Source material section start

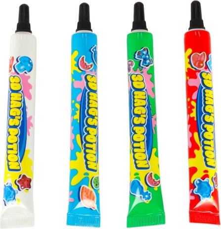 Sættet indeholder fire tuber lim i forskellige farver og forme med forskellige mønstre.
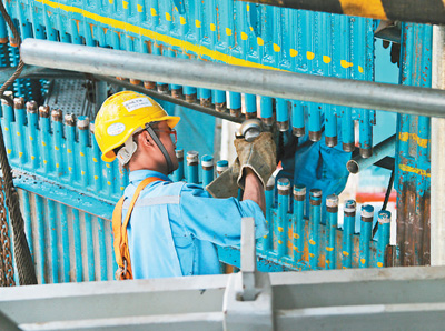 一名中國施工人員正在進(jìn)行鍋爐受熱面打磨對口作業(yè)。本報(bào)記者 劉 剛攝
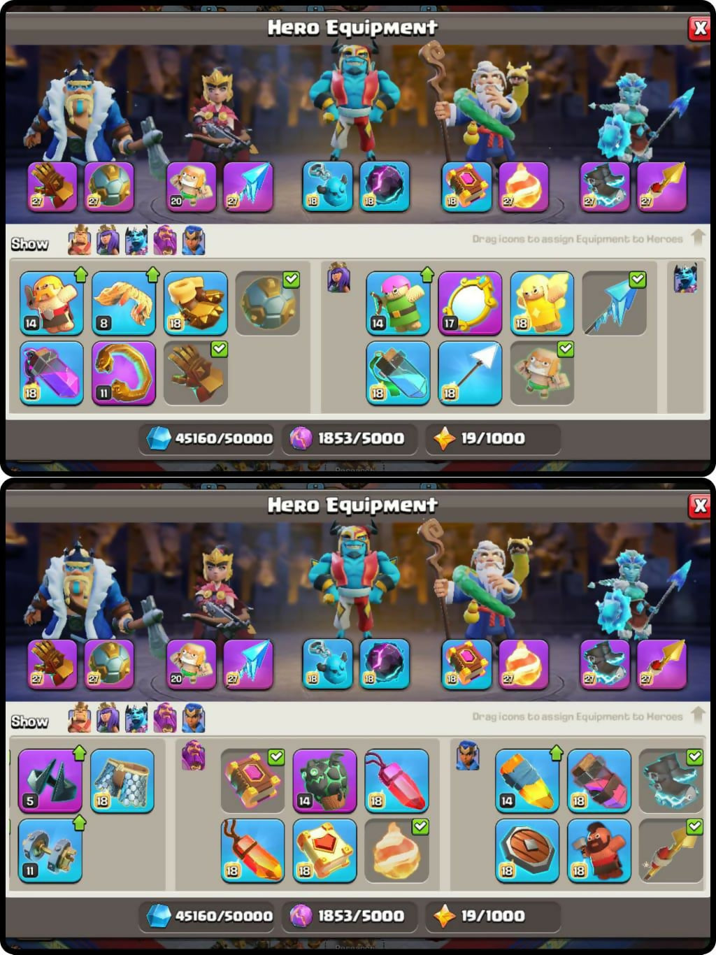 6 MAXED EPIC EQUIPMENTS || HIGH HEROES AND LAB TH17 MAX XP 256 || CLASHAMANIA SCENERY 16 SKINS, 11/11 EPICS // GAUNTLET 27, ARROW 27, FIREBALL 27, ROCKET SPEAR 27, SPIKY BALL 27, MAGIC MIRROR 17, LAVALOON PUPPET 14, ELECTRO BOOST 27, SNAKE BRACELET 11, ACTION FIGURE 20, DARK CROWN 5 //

Source material section end
Source material section start

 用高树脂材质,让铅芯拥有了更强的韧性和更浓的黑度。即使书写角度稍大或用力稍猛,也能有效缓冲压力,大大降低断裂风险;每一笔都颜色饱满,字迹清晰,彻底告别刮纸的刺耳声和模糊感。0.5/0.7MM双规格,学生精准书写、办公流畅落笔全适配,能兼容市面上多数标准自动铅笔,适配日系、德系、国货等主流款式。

Source material section end
Source material section start

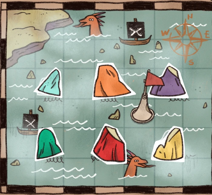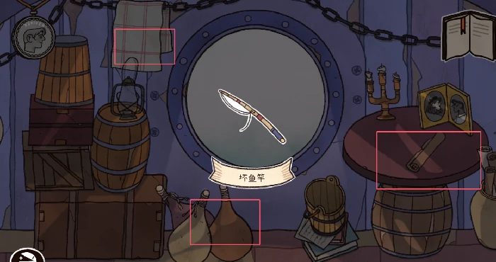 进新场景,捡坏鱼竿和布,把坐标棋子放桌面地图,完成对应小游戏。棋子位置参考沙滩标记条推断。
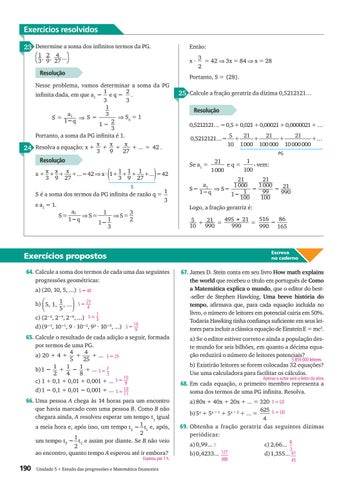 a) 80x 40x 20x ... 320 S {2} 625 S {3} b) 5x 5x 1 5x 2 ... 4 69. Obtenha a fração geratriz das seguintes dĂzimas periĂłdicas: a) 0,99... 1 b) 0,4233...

Source material section end

__What you need to do__:
Could you output exactly the lines above, from the line with "Sættet indeholder fire" up to and including the line with "6 MAXED EPIC", and nothing else, skipping the pictures?

__Written answer__:
 Sættet indeholder fire tuber lim i forskellige farver og forme med forskellige mønstre.
 一名中國施工人員正在進(jìn)行鍋爐受熱面打磨對口作業(yè)。本報(bào)記者 劉 剛攝
 6 MAXED EPIC EQUIPMENTS || HIGH HEROES AND LAB TH17 MAX XP 256 || CLASHAMANIA SCENERY 16 SKINS, 11/11 EPICS // GAUNTLET 27, ARROW 27, FIREBALL 27, ROCKET SPEAR 27, SPIKY BALL 27, MAGIC MIRROR 17, LAVALOON PUPPET 14, ELECTRO BOOST 27, SNAKE BRACELET 11, ACTION FIGURE 20, DARK CROWN 5 //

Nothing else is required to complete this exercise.